▶ _WHAT YOU ARE ASKED TO DO_
In the records below, the lines between the one holding "One 1887 $1" and the one holding "熱賣雙功能電動打蛋+絞肉(綠色❤送分離器+數據線)", inclusive, are to be transcribed exactly; no pictures are to be included.

▶ _MATERIAL FOR THE TASK_

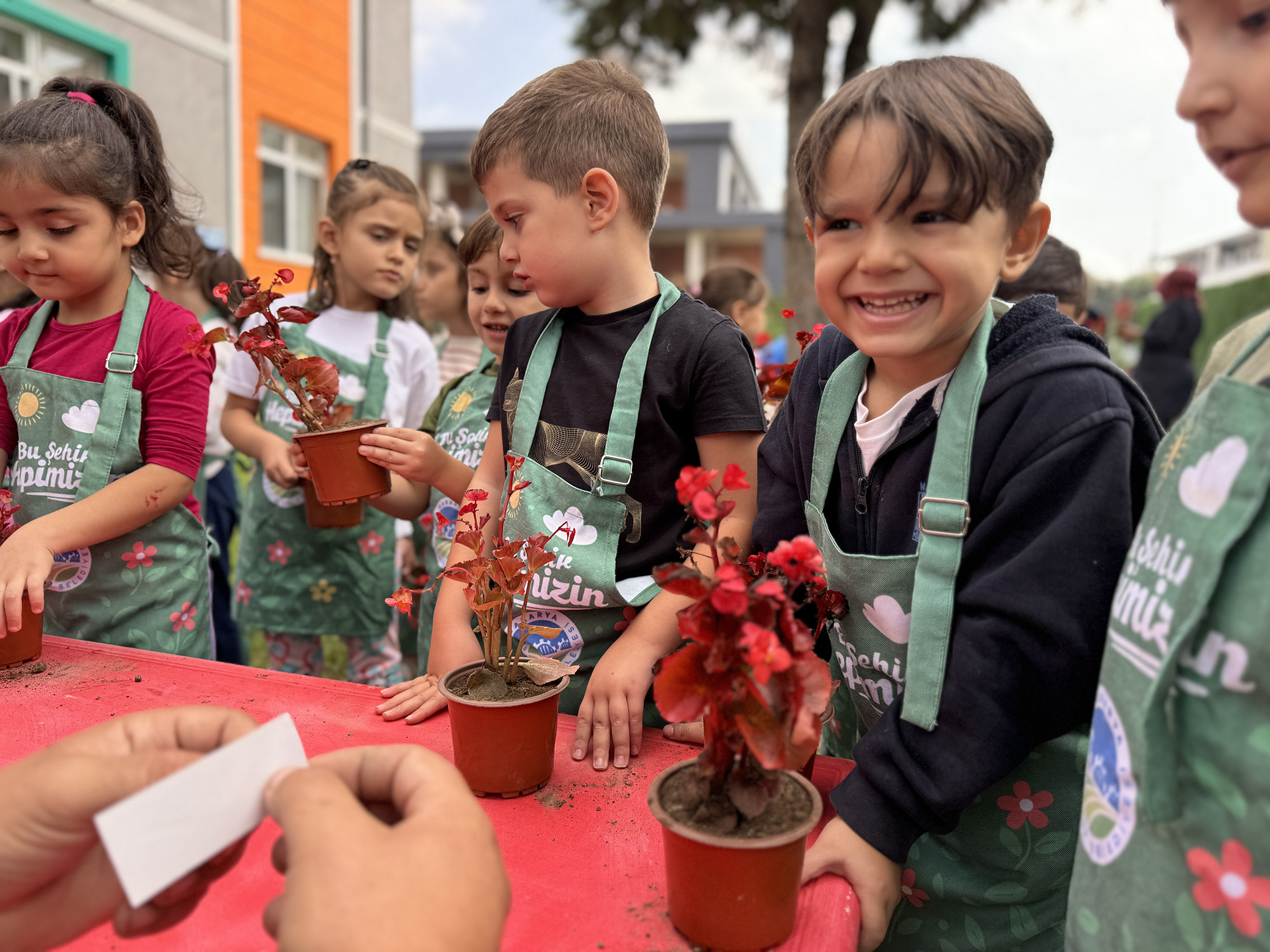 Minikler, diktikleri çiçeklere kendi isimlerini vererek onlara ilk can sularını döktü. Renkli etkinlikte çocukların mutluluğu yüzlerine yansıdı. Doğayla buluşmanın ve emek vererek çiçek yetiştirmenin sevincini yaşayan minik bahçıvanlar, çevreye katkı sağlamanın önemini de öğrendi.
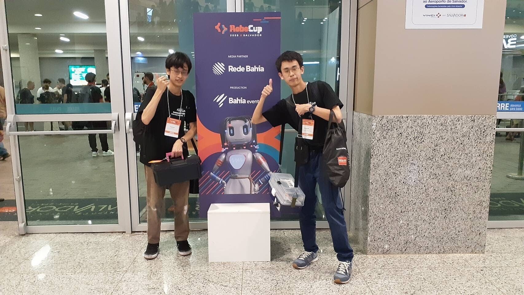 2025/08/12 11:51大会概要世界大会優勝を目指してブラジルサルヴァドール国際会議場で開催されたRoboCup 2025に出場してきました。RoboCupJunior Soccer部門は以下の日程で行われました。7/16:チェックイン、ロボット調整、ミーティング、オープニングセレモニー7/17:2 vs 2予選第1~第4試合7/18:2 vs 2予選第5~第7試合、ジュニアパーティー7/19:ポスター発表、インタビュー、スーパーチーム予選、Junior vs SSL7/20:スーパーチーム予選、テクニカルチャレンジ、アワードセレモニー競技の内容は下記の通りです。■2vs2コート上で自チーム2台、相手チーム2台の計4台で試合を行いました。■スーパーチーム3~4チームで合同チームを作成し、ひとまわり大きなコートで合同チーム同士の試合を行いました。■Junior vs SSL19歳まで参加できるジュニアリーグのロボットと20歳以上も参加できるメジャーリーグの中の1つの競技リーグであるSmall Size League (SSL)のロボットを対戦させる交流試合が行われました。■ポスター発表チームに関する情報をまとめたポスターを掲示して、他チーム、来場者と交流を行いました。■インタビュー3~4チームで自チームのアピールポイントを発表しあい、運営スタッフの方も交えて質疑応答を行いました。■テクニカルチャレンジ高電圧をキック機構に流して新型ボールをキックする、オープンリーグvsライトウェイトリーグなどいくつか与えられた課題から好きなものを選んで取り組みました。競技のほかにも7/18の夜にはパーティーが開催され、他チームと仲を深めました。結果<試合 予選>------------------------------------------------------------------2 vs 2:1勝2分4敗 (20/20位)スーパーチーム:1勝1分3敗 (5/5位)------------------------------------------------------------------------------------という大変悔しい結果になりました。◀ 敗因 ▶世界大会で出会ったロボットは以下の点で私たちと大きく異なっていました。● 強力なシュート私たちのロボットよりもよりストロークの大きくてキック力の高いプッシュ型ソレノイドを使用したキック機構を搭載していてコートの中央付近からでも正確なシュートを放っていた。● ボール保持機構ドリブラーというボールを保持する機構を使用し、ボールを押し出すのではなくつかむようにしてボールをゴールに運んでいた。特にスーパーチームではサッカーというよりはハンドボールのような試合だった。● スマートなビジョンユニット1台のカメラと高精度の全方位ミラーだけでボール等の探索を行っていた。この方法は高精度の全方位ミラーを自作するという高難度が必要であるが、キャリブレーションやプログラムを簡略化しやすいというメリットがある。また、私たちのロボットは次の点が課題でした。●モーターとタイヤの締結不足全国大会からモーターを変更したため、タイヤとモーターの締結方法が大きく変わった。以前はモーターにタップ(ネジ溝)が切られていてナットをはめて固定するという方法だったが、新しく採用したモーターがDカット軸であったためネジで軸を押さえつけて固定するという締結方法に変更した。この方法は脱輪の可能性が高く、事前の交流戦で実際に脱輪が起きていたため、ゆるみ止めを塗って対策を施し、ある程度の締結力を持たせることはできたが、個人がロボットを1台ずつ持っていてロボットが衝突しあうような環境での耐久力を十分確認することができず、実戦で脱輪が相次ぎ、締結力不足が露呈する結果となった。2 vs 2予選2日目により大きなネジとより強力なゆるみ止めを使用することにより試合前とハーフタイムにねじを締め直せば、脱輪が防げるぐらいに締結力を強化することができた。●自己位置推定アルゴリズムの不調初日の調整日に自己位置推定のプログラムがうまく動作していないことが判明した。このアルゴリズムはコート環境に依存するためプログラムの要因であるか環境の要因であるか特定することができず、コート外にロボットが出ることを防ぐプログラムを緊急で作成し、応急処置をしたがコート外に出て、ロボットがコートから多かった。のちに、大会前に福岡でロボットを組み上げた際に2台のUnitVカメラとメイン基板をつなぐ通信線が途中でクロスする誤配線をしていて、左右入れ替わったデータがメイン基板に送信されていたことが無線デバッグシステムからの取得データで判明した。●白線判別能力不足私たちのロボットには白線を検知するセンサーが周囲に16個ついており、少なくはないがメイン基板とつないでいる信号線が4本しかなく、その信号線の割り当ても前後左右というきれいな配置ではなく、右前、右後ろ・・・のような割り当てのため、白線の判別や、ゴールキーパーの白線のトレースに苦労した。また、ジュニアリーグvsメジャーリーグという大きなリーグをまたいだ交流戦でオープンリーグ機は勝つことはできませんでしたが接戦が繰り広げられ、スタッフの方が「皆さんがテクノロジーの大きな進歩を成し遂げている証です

...

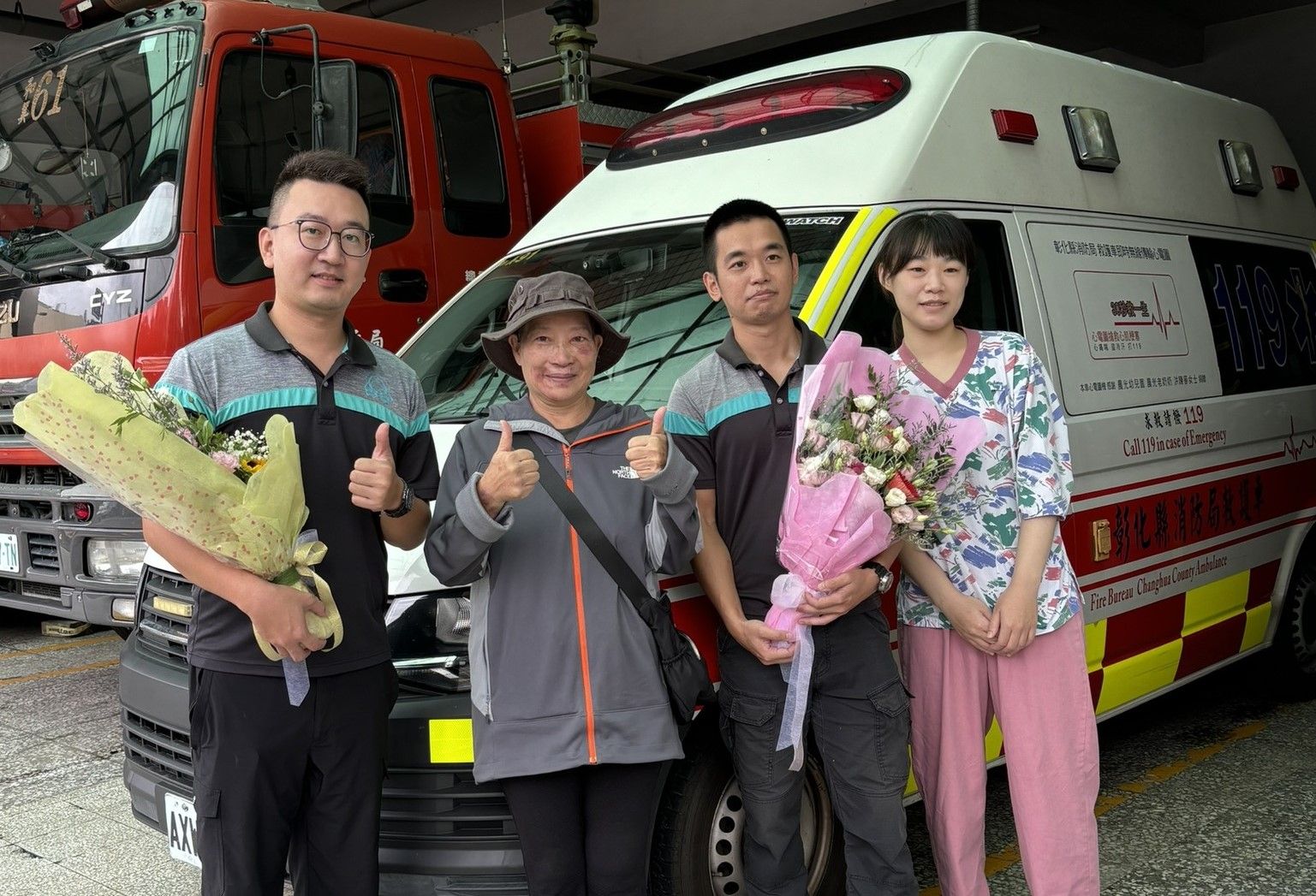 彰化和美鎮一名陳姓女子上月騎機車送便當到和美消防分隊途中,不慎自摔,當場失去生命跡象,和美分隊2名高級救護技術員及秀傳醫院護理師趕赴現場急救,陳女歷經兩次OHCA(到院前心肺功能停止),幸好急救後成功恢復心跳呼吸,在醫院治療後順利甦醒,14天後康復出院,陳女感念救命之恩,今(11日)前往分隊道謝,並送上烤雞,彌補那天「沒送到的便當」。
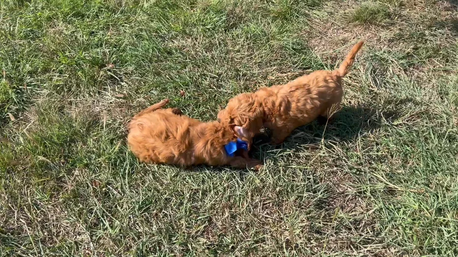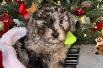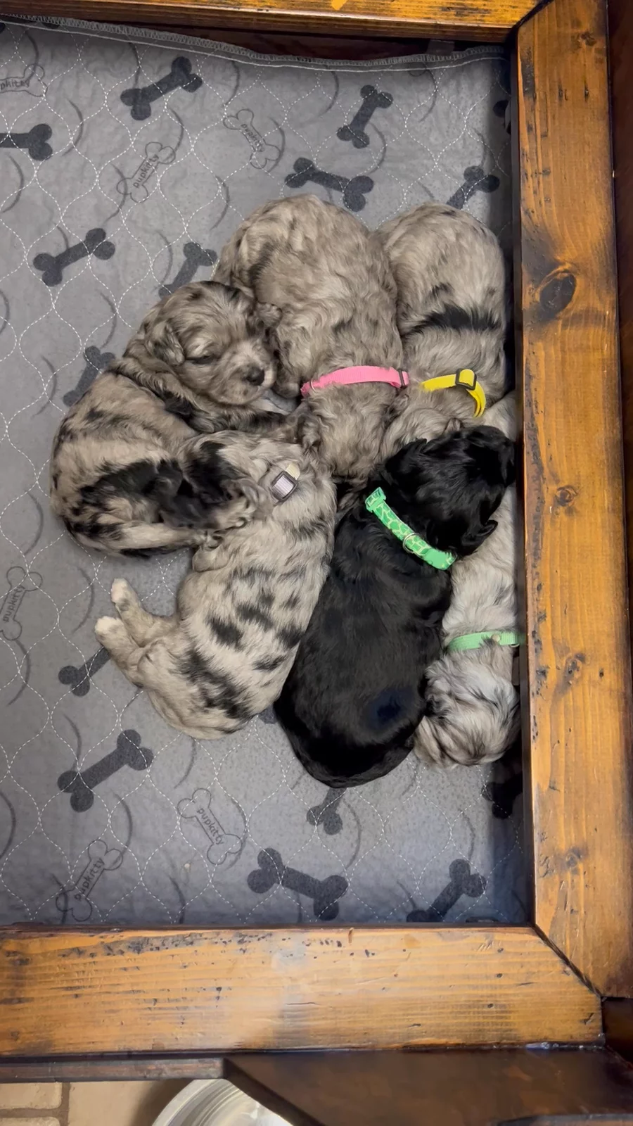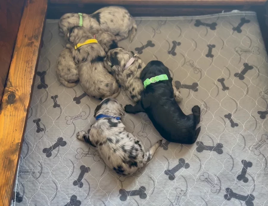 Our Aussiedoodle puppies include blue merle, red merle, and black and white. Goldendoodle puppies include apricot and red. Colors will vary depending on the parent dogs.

--

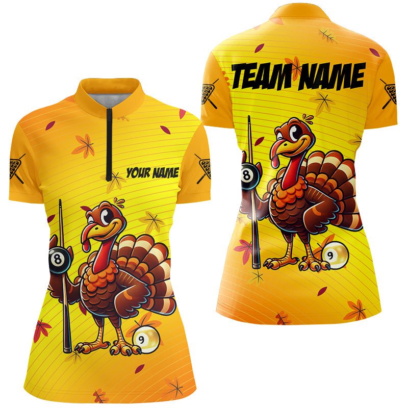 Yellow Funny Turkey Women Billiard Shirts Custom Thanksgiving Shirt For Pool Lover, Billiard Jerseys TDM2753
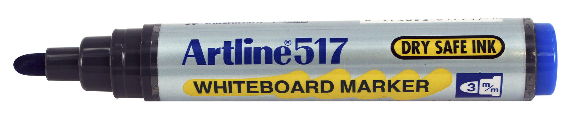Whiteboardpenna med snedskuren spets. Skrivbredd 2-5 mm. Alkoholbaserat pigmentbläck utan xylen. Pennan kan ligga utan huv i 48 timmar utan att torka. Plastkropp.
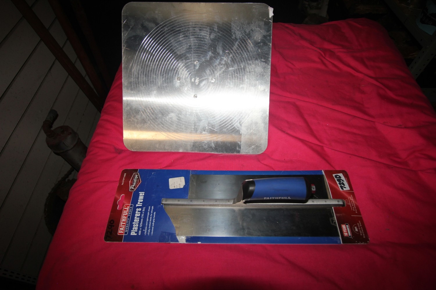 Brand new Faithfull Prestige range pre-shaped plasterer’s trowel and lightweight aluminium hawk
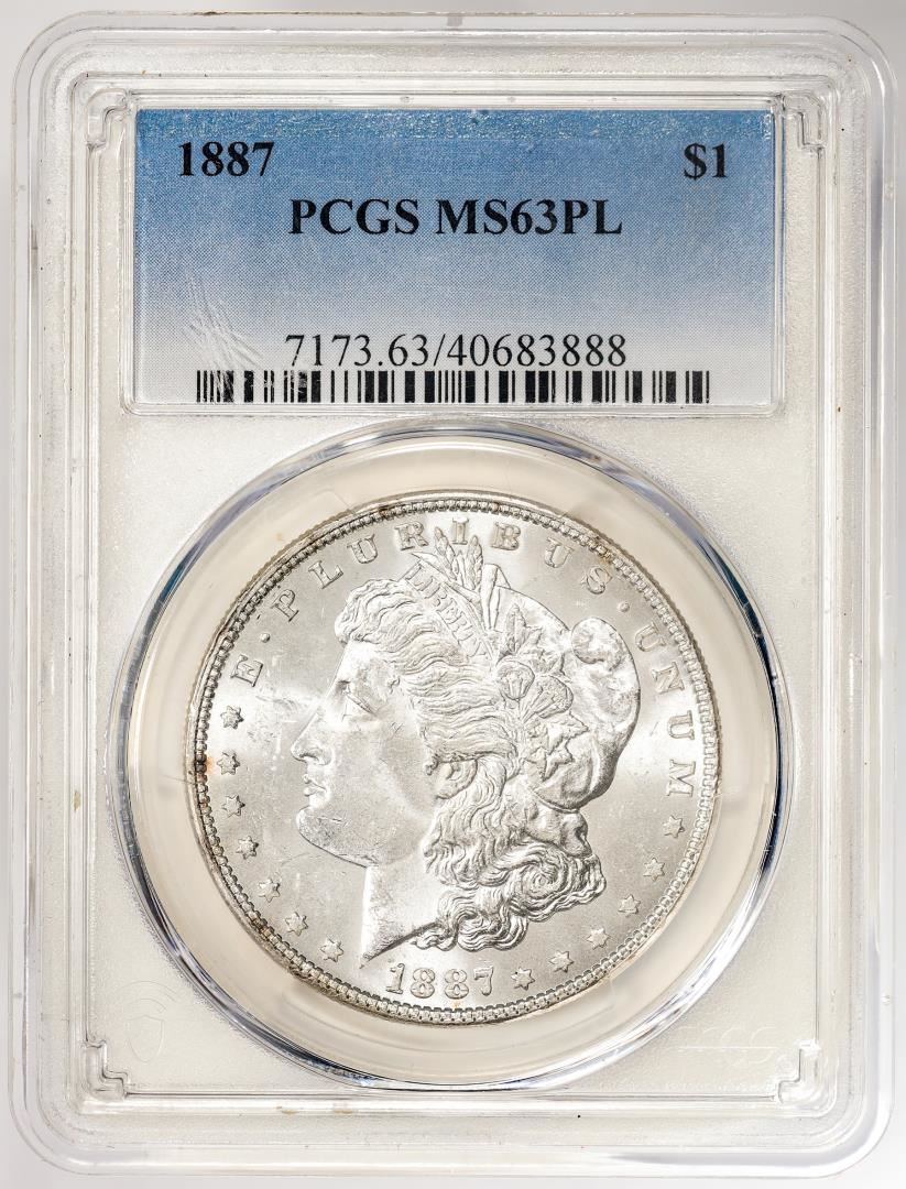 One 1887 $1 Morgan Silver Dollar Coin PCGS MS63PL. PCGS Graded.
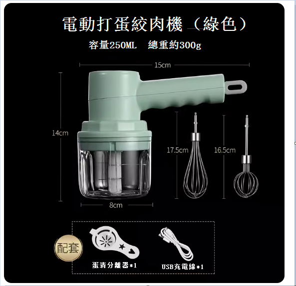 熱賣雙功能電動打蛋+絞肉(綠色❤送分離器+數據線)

▶ _RESPONSE_
 One 1887 $1 Morgan Silver Dollar Coin PCGS MS63PL. PCGS Graded.
 熱賣雙功能電動打蛋+絞肉(綠色❤送分離器+數據線)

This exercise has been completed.